A multimodal search solution using NLP, BigQuery and embeddings
Layolin Jesudhass
Generative AI Solutions Architect, Google
Today's digital landscape offers a vast sea of information, encompassing not only text, but also images and videos. Traditional enterprise search engines were primarily designed for text-based queries, and often fall short when it comes to analyzing visual content. However, with a combination of natural language processing (NLP) and multimodal embeddings, a new era of search is emerging that lets your customers search for an image or video — or information within it — in the same way they would with text-based content.
In this blog, we showcase a demo for performing text search on images, videos, or both using a powerful multimodal embedding model that’s specifically designed for cross-modal semantic search scenarios such as searching images using text, or finding text in images based on a given query. Multimodal embedding is the key to accomplishing these tasks.
Our demo performs text to image search, text to video search, text to image and video combined search
Let's see how this works!
A solution for converged image, video, and text search
The architecture leverages Google Cloud Storage for storing media files, with BigQuery object tables referencing these files. A multimodal embedding model generates semantic embeddings for the images and videos, which are then indexed in BigQuery for efficient similarity search, enabling seamless cross-modal search experiences.
From text to visuals: Multimodal search for images and videos
To implement a similar solution, follow the steps below.
Steps 1 - 2: Upload image and video data to Cloud Storage
Upload all image and video files to a Cloud Storage bucket. For the demo, we’ve downloaded some images and videos from Google Search that are available on GitHub. Be sure to remove the README.md file before uploading them to your Cloud Storage bucket.
Prepare your media files:
-
Using your own data, collect all the images and video files you plan to work with.
-
Ensure the files are organized and named appropriately for easy management and access.
Upload data to Cloud Storage:
-
Create a Cloud Storage bucket, if you haven't already.
-
Upload your media files into the bucket. You can use the Google Cloud console, the
gsutil
command-line tool, or the Cloud Storage API. -
Verify that the files are uploaded correctly and note the bucket's name and path where the files are stored (e.g.,
gs://your-bucket-name/your-files
).
Step 3: Create an object table in BigQuery
Create an Object table in BigQuery to point to your source image and video files in the Cloud Storage bucket. Object tables are read-only tables over unstructured data objects that reside in Cloud Storage. You can learn about other use cases for BigQuery object tables here.
Before you create the object table, establish a connection, as described here. Ensure that the connection's principal has the ‘Vertex AI User’ role and that the Vertex AI API is enabled for your project.
Create remote connection
Create object table
Step 4: Create your multimodal embeddings
We generate embeddings (numerical representations) for your media data using a pre-trained multimodal embedding model. These embeddings capture the semantic information of the content, enabling efficient similarity searches.

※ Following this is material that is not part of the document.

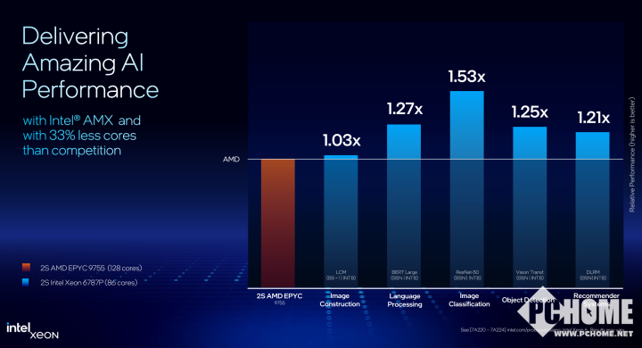 对比128核心的双路AMD EPYC 9755处理器,英特尔双路至强6787P在多个AI负载方面最多可领先达50%以上。

Step 5: Create a vector index in BigQuery
Create a VECTOR INDEX in BigQuery for the embeddings to efficiently store and query the embeddings generated from your image and video data. This index is essential for performing similarity searches later.
Step 6: Send the user’s query as text input
A user’s query is sent as text input in simple natural language like “elephant eating grass”. When a user submits a query, the system converts this textual input into an embedding, similar to how it processed the media data.
Step 7: Create a text embedding for the user query
You can create a text embedding for the user query using the same multimodal embedding model. To compare the user query with the stored embeddings, first generate an embedding for the query itself using the same multimodal embedding model.
Step 8: Perform similarity search
Similarity search is performed between the user query and the source data containing images and videos using VECTOR SEARCH. Using the vector index created in Step 4, perform a similarity search to find the most similar media items to the user query. This search compares the user query's embedding with the embeddings of the media data.
Step 9: Return the search results for images and videos to the user
Finally, the results from the similarity search are presented to the user. The results include the URIs of the most similar images and videos stored in the Cloud Storage bucket, along with their similarity scores (distances). This allows the user to view or download the media items related to their query.
Multimodal embeddings powers a new level of search
Because multimodal embeddings can handle both image and video modalities, building a powerful search experience across your visual content is just a few steps away. No matter if your use case is image search, video search, or image and video search combined, get ready to unlock a new level of search enhancing your users’ experiences and streamlining content discovery.